Material shown START

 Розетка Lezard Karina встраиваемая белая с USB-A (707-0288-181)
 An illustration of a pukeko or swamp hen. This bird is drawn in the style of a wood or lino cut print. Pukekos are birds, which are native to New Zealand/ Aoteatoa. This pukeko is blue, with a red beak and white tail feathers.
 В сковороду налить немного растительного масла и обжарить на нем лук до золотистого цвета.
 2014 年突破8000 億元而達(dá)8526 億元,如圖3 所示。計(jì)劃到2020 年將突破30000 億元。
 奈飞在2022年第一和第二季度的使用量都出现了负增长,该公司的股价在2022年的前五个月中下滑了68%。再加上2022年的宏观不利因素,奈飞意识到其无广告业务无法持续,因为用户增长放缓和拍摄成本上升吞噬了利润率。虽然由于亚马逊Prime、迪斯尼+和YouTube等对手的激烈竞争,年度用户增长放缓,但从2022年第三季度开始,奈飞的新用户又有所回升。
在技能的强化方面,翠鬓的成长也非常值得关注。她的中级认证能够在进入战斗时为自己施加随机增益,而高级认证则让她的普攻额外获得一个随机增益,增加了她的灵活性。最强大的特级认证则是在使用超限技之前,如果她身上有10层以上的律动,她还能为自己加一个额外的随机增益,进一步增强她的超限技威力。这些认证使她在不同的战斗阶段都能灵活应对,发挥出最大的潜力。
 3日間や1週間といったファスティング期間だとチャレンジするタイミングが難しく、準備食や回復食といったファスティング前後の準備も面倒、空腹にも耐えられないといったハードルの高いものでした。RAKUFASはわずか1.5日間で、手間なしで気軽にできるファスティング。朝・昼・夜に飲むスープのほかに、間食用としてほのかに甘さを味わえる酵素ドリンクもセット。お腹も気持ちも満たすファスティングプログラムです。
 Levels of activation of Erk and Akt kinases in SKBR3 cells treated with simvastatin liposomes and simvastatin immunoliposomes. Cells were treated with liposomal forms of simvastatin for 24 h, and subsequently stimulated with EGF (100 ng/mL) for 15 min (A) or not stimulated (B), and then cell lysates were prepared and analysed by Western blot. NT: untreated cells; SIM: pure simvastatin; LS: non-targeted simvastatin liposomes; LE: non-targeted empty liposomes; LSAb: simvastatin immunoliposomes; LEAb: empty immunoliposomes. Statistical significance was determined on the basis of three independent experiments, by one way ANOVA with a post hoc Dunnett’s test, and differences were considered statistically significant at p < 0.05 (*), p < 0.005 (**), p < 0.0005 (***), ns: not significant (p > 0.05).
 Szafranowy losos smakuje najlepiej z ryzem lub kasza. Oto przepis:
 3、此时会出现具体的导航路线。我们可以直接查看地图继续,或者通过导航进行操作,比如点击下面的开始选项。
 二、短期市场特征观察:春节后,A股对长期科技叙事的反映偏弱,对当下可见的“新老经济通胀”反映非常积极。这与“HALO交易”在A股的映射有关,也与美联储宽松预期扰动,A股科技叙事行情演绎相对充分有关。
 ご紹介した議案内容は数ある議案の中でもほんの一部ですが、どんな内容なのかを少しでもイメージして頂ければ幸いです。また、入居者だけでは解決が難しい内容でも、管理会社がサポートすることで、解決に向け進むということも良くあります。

Material shown END
Material shown START

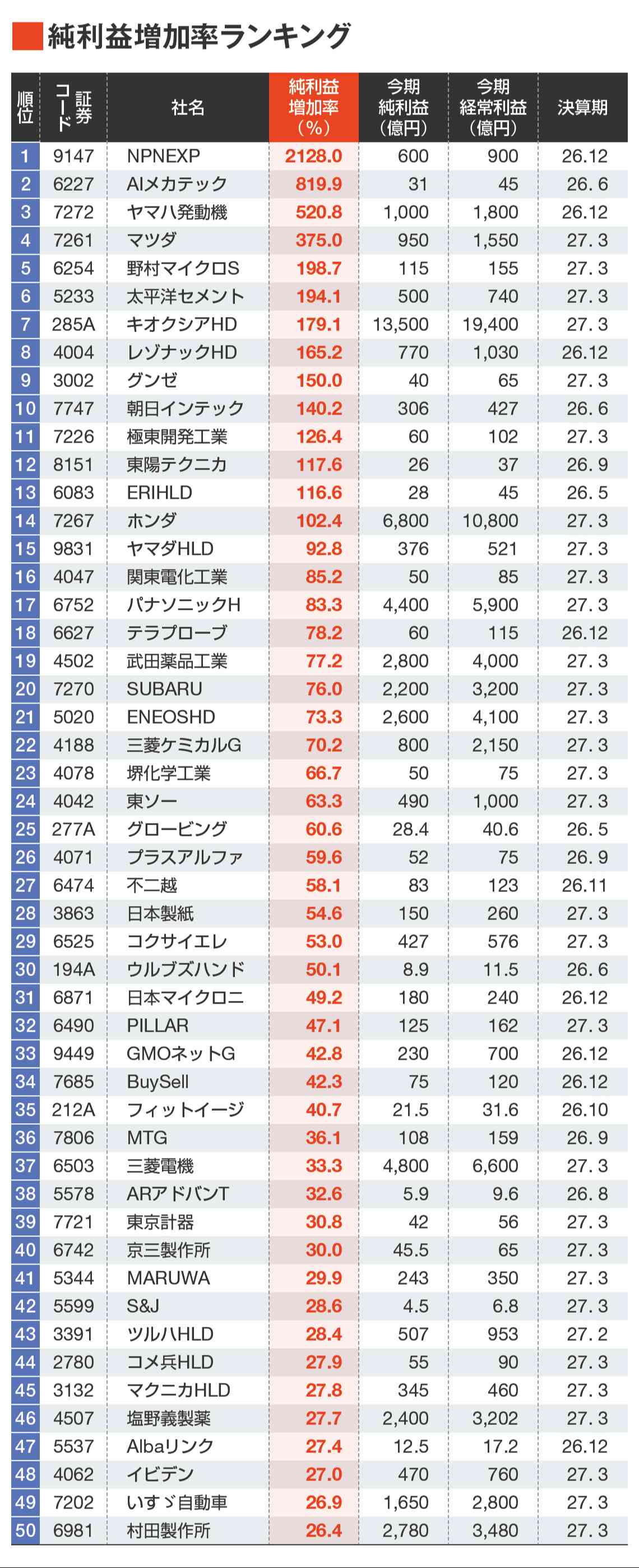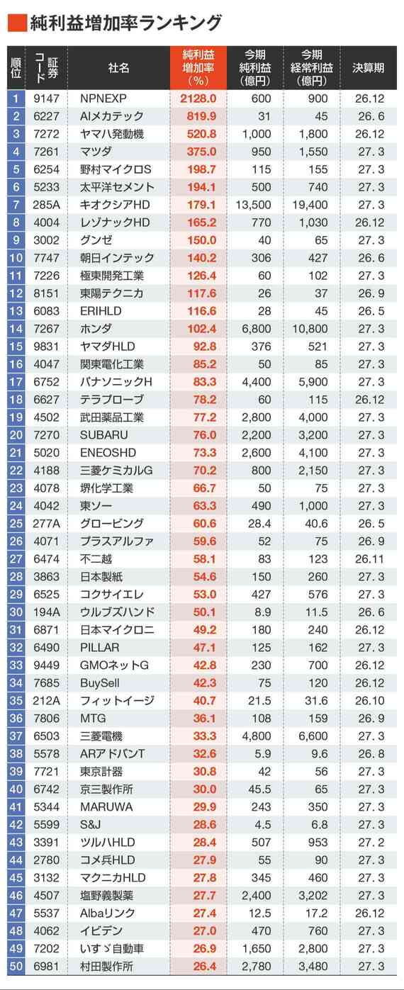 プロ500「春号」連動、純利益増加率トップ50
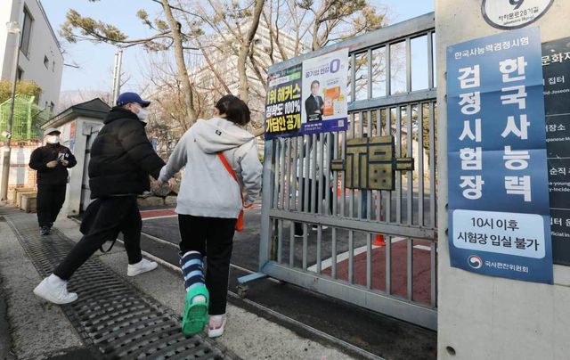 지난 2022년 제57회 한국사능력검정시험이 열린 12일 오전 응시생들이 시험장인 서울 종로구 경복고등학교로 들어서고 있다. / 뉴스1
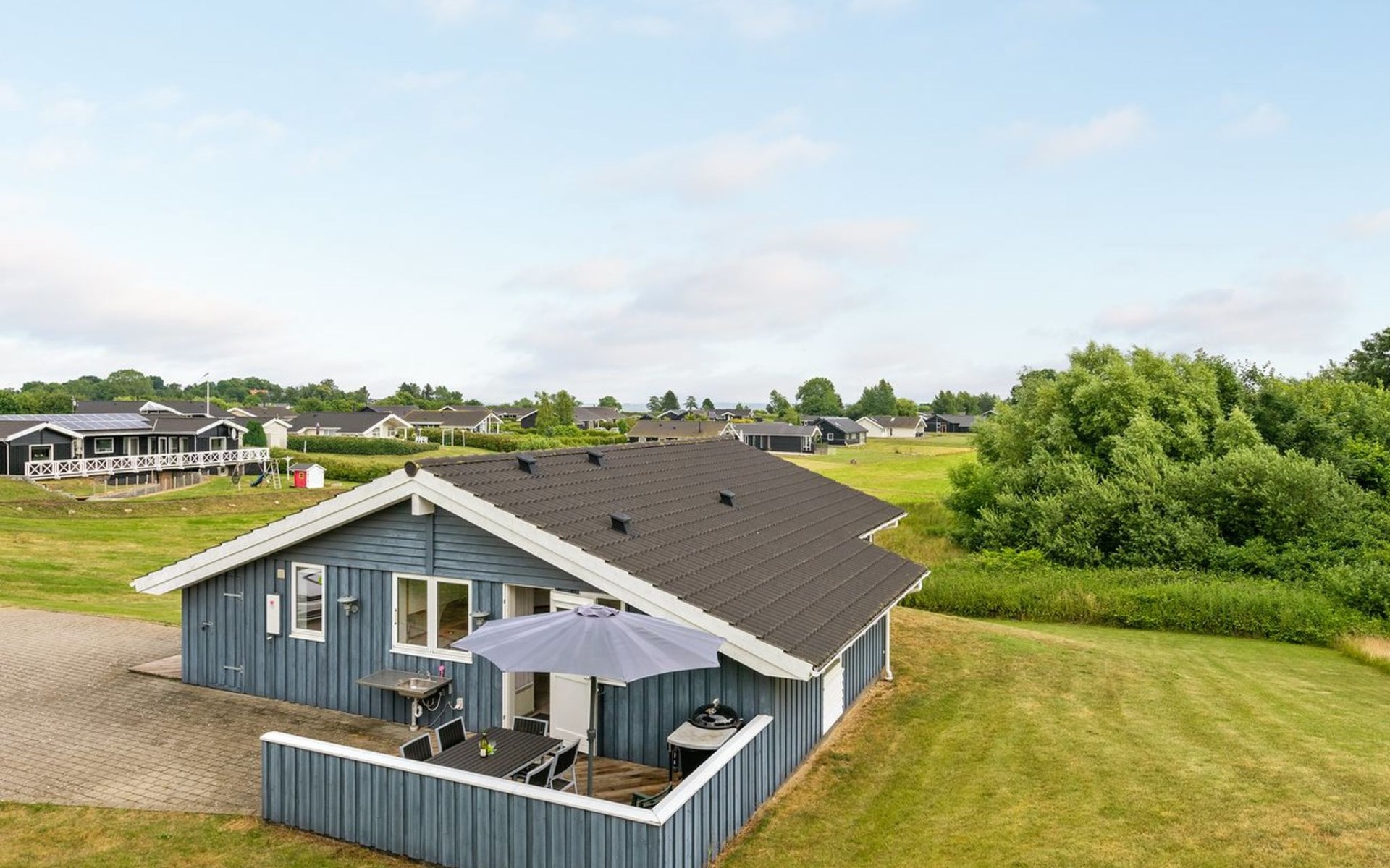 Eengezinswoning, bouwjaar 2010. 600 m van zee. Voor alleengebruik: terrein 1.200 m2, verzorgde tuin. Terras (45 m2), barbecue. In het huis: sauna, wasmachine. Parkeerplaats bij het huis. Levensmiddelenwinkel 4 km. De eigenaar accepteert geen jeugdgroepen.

Material shown END

→ **Required work**
Lines to set down from above: the line with "在技能的强化方面,翠鬓的成长", the line with "3、此时会出现具体的导航路线", and every line between, each exactly as written.

→ **Expected answer**
在技能的强化方面,翠鬓的成长也非常值得关注。她的中级认证能够在进入战斗时为自己施加随机增益,而高级认证则让她的普攻额外获得一个随机增益,增加了她的灵活性。最强大的特级认证则是在使用超限技之前,如果她身上有10层以上的律动,她还能为自己加一个额外的随机增益,进一步增强她的超限技威力。这些认证使她在不同的战斗阶段都能灵活应对,发挥出最大的潜力。
 3日間や1週間といったファスティング期間だとチャレンジするタイミングが難しく、準備食や回復食といったファスティング前後の準備も面倒、空腹にも耐えられないといったハードルの高いものでした。RAKUFASはわずか1.5日間で、手間なしで気軽にできるファスティング。朝・昼・夜に飲むスープのほかに、間食用としてほのかに甘さを味わえる酵素ドリンクもセット。お腹も気持ちも満たすファスティングプログラムです。
 Levels of activation of Erk and Akt kinases in SKBR3 cells treated with simvastatin liposomes and simvastatin immunoliposomes. Cells were treated with liposomal forms of simvastatin for 24 h, and subsequently stimulated with EGF (100 ng/mL) for 15 min (A) or not stimulated (B), and then cell lysates were prepared and analysed by Western blot. NT: untreated cells; SIM: pure simvastatin; LS: non-targeted simvastatin liposomes; LE: non-targeted empty liposomes; LSAb: simvastatin immunoliposomes; LEAb: empty immunoliposomes. Statistical significance was determined on the basis of three independent experiments, by one way ANOVA with a post hoc Dunnett’s test, and differences were considered statistically significant at p < 0.05 (*), p < 0.005 (**), p < 0.0005 (***), ns: not significant (p > 0.05).
 Szafranowy losos smakuje najlepiej z ryzem lub kasza. Oto przepis:
 3、此时会出现具体的导航路线。我们可以直接查看地图继续,或者通过导航进行操作,比如点击下面的开始选项。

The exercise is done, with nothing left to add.